Yankees starter Hiroki Kuroda allowed two runs, three hits and no walks in seven innings, although he hit two batters and threw two of his three wild pitches in the Orioles' two-run fourth. Orioles starter Miguel Gonzalez gave up two runs, six hits and no walks in eight innings.

Brian McCann led off the top of the fourth with a single and, one out later, Ichiro Suzuki hit his second double of the night, a shot into the gap in right-center. McCann, not the swiftest of runners, was not able to score, which proved costly. Yangervis Solarte flied out to short center and Johnson flied to left.

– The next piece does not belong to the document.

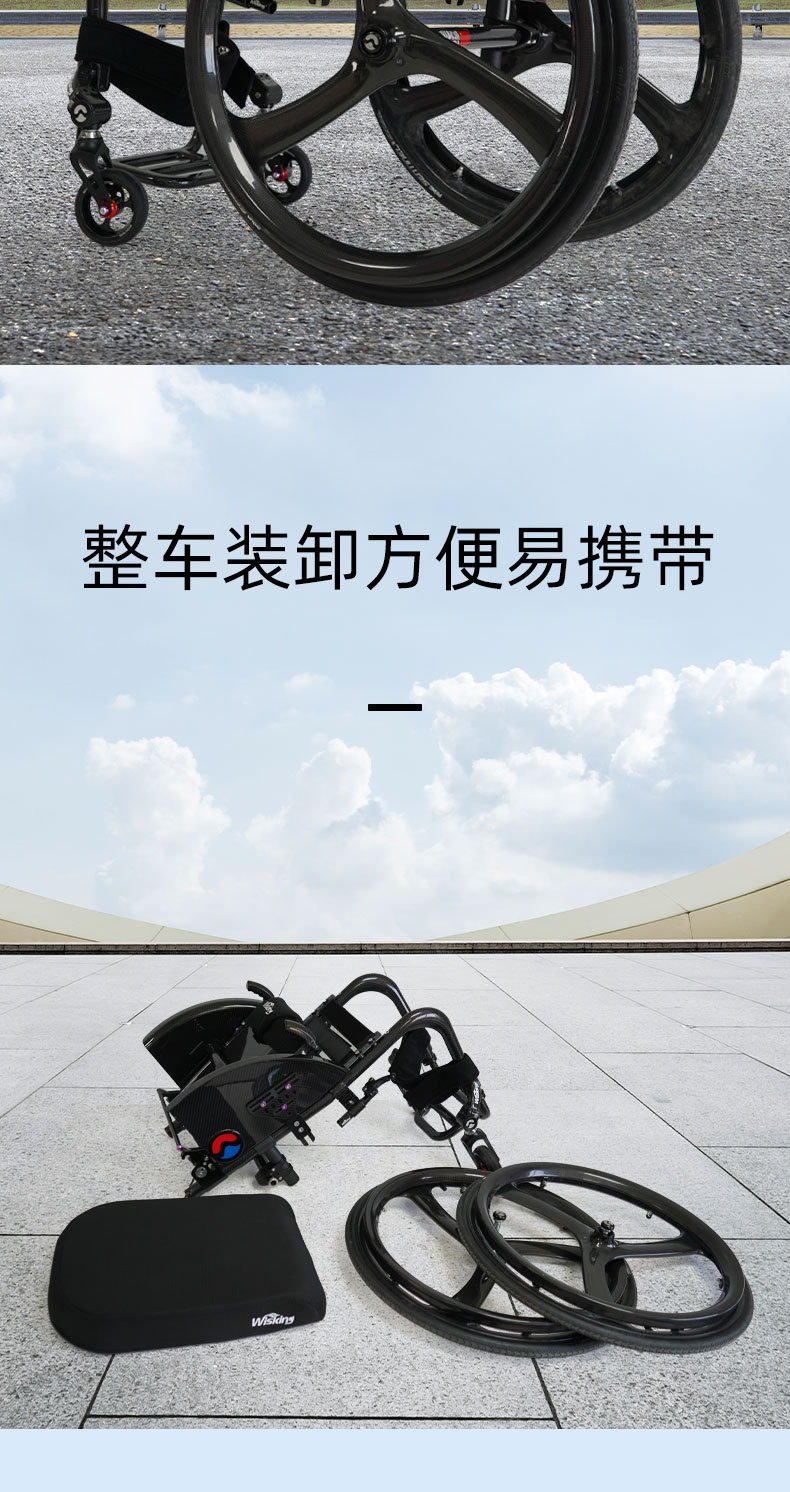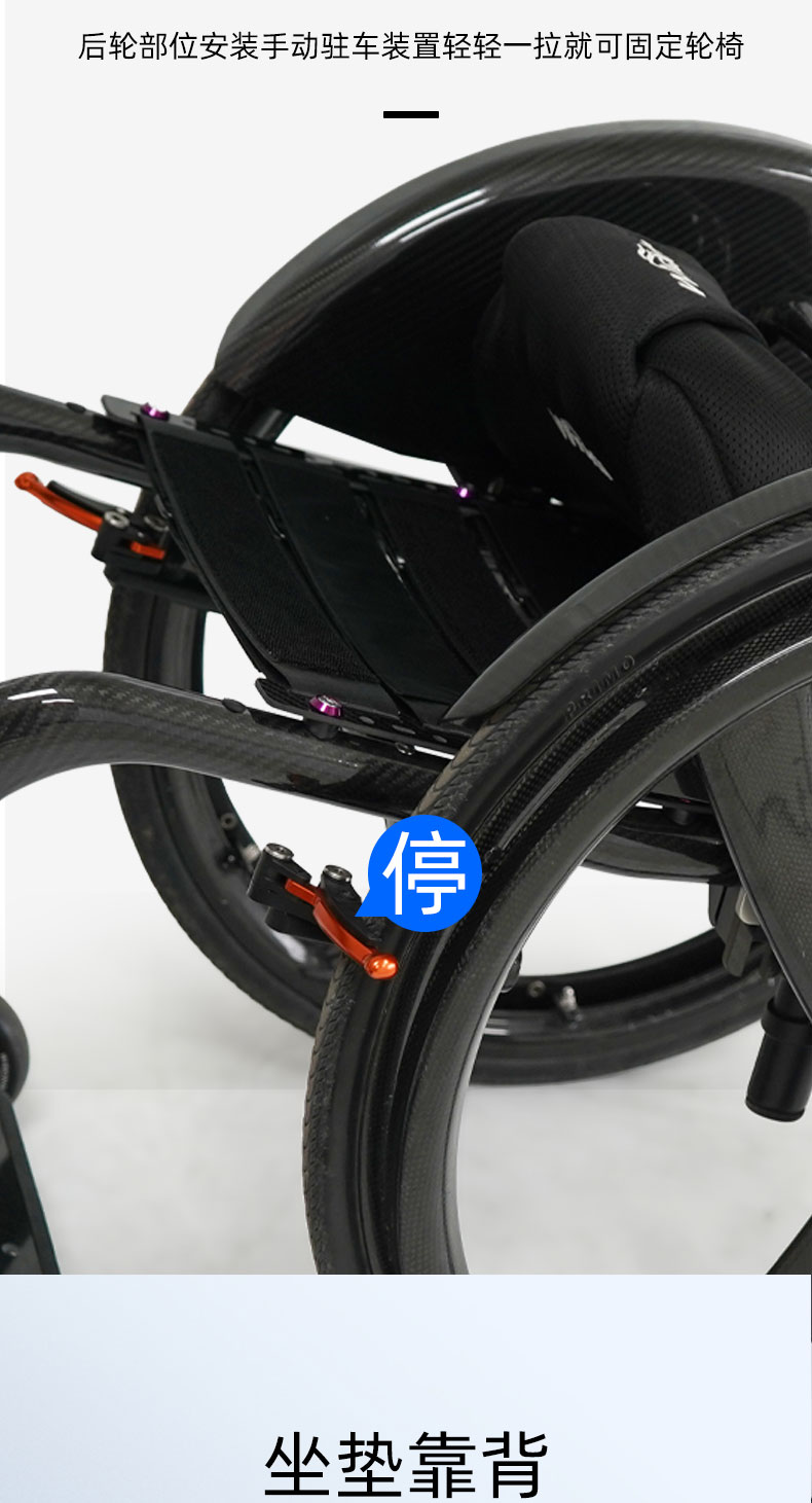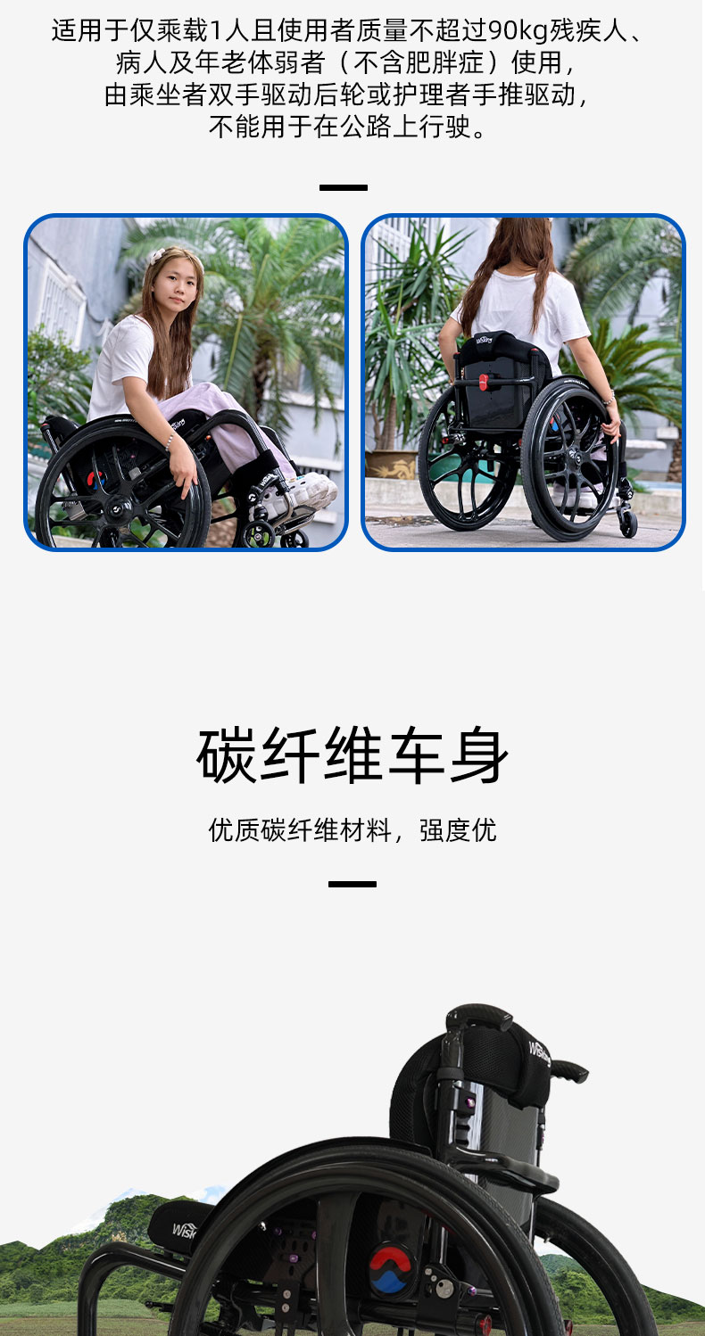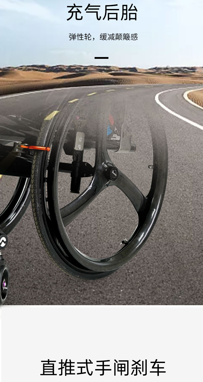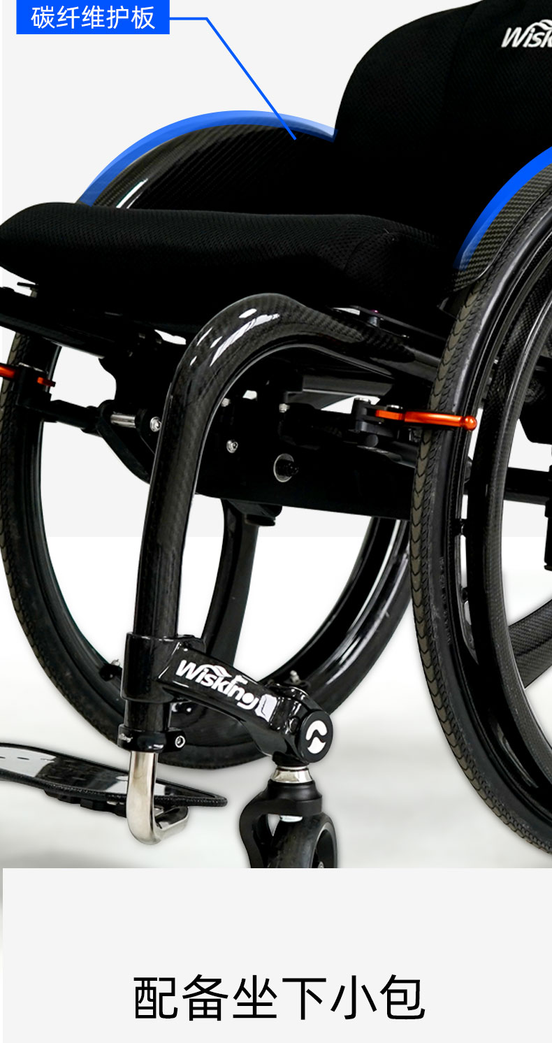 | 送货时效 | 20个工作日 | 产品参数 | 碳纤维车架,碳纤维边板,整车重量为14公斤,非常轻巧。前轮为4英寸,后轮为24英寸,后轮可快拆,靠背可折叠。前小轮、花鼓等颜色可选。坐宽、坐深、小腿长度均为定制尺寸。 |

The Orioles quickly drew even. After Kuroda grazed Steve Pearce's jersey with a pitch, Adam Jones sent a chopper up the middle. Jeter got in position to field it but the ball hit off his glove and deflected into the outfield. Pearce took third on the play, which inexplicably was scored a hit. "It bounced higher than I thought, plus I also took a peek at the runner, so that's a bad combination," Jeter said. "That's a play that needs to be made. Playing a team like Baltimore, you can't give them extra outs."

Kuroda then threw a wild pitch that made it 2-1 and moved Jones to second. Nelson Cruz struck out, but Jones went to third on another wild pitch and scored on Chris Davis' sacrifice fly to left, tying it at 2-2.

McCann led off the top of the ninth with a single off lefty Zach Britton and Girardi inserted Francisco Cervelli to pinch run. Roberts pushed a bunt toward first and Davis made the gutsy decision to try for the lead runner, nipping Cervelli by inches at second. Solarte drew a two-out walk but pinch hitter Zelous Wheeler bounced out to end the inning.

"Chris made a great play," Roberts said. "Both guys [Kuroda and Gonzalez] threw great. It came down to a battle of the bullpens and they got the big hit and we didn't."